Company seeks to block city’s ban on oil drilling

Wave Wire Services

LOS ANGELES — An oil and natural gas exploration and production company took legal action Jan. 10 against the Los Angeles City Council’s unanimous vote in December to phase out oil drilling in the city, saying the measure violates their due process rights and ignores the clean energy aspects of its operations.

Warren Resources Inc.’s Los Angeles Superior Court petition alleges that the ordinance violates the California Environmental Quality Act, the city’s general plan and the state and federal constitutions in that it amounts to a taking of property without just compensation and infringes on the firm’s due process rights.

The company wants a judge to issue a preliminary and permanent injunction against enforcement of the ordinance and to order compensation to Warren for the alleged temporary and permanent taking of its property. A spokesman for the City Attorney’s Office said his office had no comment on the petition.

The council voted 12-0 on Dec. 2 to pass the ordinance, which amends the municipal code to make existing extraction activities a nonconforming use in all zones.

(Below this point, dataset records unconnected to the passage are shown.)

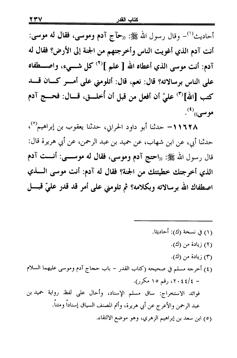 -[238]- أن أُخلق، قال: فحج آدم موسى" (¬2).
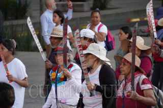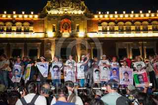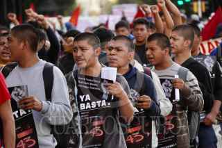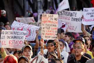 CIUDAD DE MÉXICO, 26SEPTIEMBRE2023.- Tras cumplirse 9 años de la desaparición de los 43 normalistas de Ayotzinapa padres de los jóvenes y simpatizantes marcharon del Ángel de la Independencia rumbo al Zócalo. La exigencia es que el Gobierno federal de con su paradero y castigue a los responsables. FOTO: ELIZABETH RUIZ/CUARTOSCURO.COM
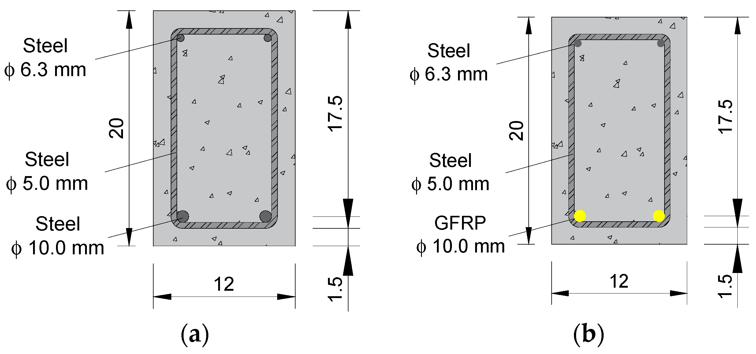 3.1. Concrete, Steel, and GFRP
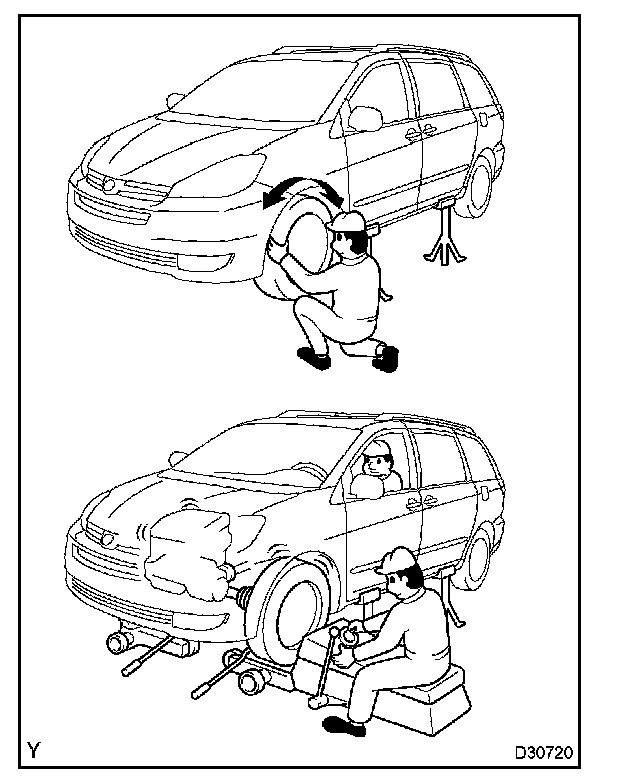 When doing on-vehicle wheel balancing on a full-time 4WD vehicle, to prevent the wheels from rotating at different speeds in different directions from each other (which could damage the center differential), always be sure to observe the following precautions:

The Los Angeles County Board of Supervisors approved a similar ordinance in October. The City Council in January 2022 unanimously approved a series of recommendations aimed at banning new oil and gas wells.

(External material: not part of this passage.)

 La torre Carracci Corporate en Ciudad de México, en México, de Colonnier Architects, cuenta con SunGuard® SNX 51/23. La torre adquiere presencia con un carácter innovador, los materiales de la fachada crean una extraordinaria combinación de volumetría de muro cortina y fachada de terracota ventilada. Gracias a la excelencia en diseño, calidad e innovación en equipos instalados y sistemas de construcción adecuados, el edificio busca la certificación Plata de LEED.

The city ordinance phases out all such oil and gas extraction activities by banning new oil and gas extraction and ceasing existing operations within 20 years. Operators would not be able to expand their existing sites or extend the life of a well during the 20-year phase-out period.

But according to the petition, the city’s actions were “unlawful, arbitrary, capricious, unreasonable and lacking in evidentiary support and, in fact, were contradicted by the evidence.”

The City Attorney’s Office advised city officials in a public meeting prior to the publishing of the ordinance that the city should obtain an expert amortization study before adopting an ordinance that will impact operators’ rights, but the city instead “brazenly chose to ignore the legal advice of its own lawyers,” according to the petition.

The ordinance will “undoubtedly force Warren and other operators to shutter their doors,” according to the petition, which further states that the company’s sole operations are within the Los Angeles basin and its only business is oil and gas extraction.

“Not only does this effect a taking for which no just compensation has been paid, but a shutdown of the industry will eliminate good-paying jobs, leaving many jobless with no plausible equivalent replacement,” the petition states. “The shutdown of Warren’s operations will also result in lost income to its royalty owners, many of whom rely on that income to survive.”

In its alleged rush to make headlines, the city “never bothered to consider the actual environmental footprint of Warren’s operations,” which are 100% electric, and emissions from its nearly 10-acre facility are the equivalent of a fast-food restaurant with a drive-through, according to the petition.

Warren has invested more than $400 million in drilling and facilities construction at its operation site, produces about 1,800 barrels of oil daily and currently operates about 165 active wells and 79 idle wells for a total of 244 of the approximately 640 current wells in the city, the petition states.